Bug #33837 order by rand() speed
Submitted: 12 Jan 2008 20:48 Modified: 3 May 2012 15:08
Reporter: anzenews asdf Email Updates:
Status: Verified Impact on me:
None 
Category:MySQL Server: Optimizer Severity:S4 (Feature request)
Version:any OS:Any
Assigned to: CPU Architecture:Any
Tags: order by rand, speed

[12 Jan 2008 20:48] anzenews asdf
Description:
Hi!

There are numerous articles on the Internet about optimization of this simple query:
SELECT * FROM posts WHERE ... ORDER BY RAND() LIMIT 3

This is a very common SQL query in web development and still there is no fast way to retreive a few random records from a table. Most web developers just leave this query unefficient and some go to great lengths just to solve what should not be a problem in a first place. 

One of the pages that try to solve this is:
http://jan.kneschke.de/projects/mysql/order-by-rand/
http://www.mysqlperformanceblog.com/2006/09/01/order-by-limit-performance-optimization/

Anyway, it would be nice if "ORDER BY RAND() LIMIT X" was fast - it should be fairly easy to solve this on MyQSL optimizer level (I guess). 

Thanks, keep up the good work,

Anze

How to repeat:
Take a very large table and issue a select:
SELECT * FROM mytable ORDER BY RAND() LIMIT 3

Suggested fix:
"RAND()" in this case should not be treated as an expression, but rather as the way of ordering data (randomly).
[14 Jan 2008 12:58] Susanne Ebrecht
Many thanks for writing a feature request.

This can't be changed.

select * from tab order by something limit 3; 

always means a sequential scan of the table. Because you only can get the first three results, when you know the whole results.
[14 Jan 2008 13:36] anzenews asdf
... which is exactly why this is a special case: if you are looking for _RANDOM_ results there is no need to make a sequential scan. You could make a random scan and stop after X found records... 

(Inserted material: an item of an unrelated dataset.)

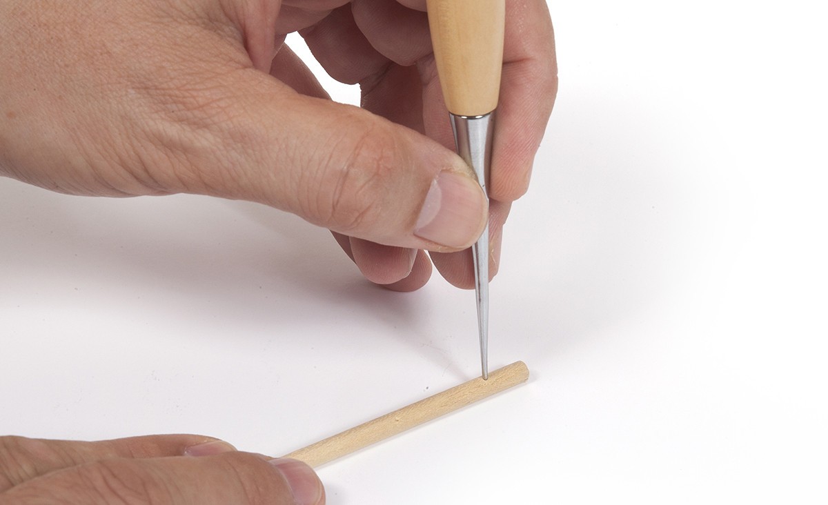 Mini szpikulec metalowy z drewnianą rączką.  Przydatny przy wielu pracach modelarskich. Długość całkowita narzędzia wynosi około 12 cm.

I appreciate that you have a deeper understanding of the system and how it could be incorporated but this really is only solveable on MySQL level. All higher-level implementations are cumbersome, limited or even impossible to do. 

Right now "ORDER BY RAND()" is a very common and at the same time very inefficient query...

Thanks for the answer though, I hope you change your mind about this...
[26 Mar 2008 10:24] Susanne Ebrecht
Many thanks for writing a feature request. We will check if we can implement this or not.
[2 May 2012 18:46] Sveta Smirnova
There is verified bug #65177 with patch proposed about very same problem, so closing this one as duplicate of that.
[3 May 2012 15:08] anzenews asdf
I don't use MySQL anymore in my products, so this is not very important to me anymore. 

However, there are a few points I would like to make:
- proposed solution apparently works better only when used on smaller number of rows
- proposed solution only makes a small(ish) speed difference (less than factor 2), at least as shown in poster's example
In other words, the new ticket is more specific and does not solve this problem adequately (IMHO, of course).

If you first order and then limit records there can be no big speedup because you need to re-order elements each time and that takes a lot of space / time. What I was trying to point out is that this is a special case where ordering of records is not needed at all. 
Granted, I do not have a patch, and I am still happy to see something done in this direction. 

Anyway, feel free to close the ticket, I am already on MongoDB. :)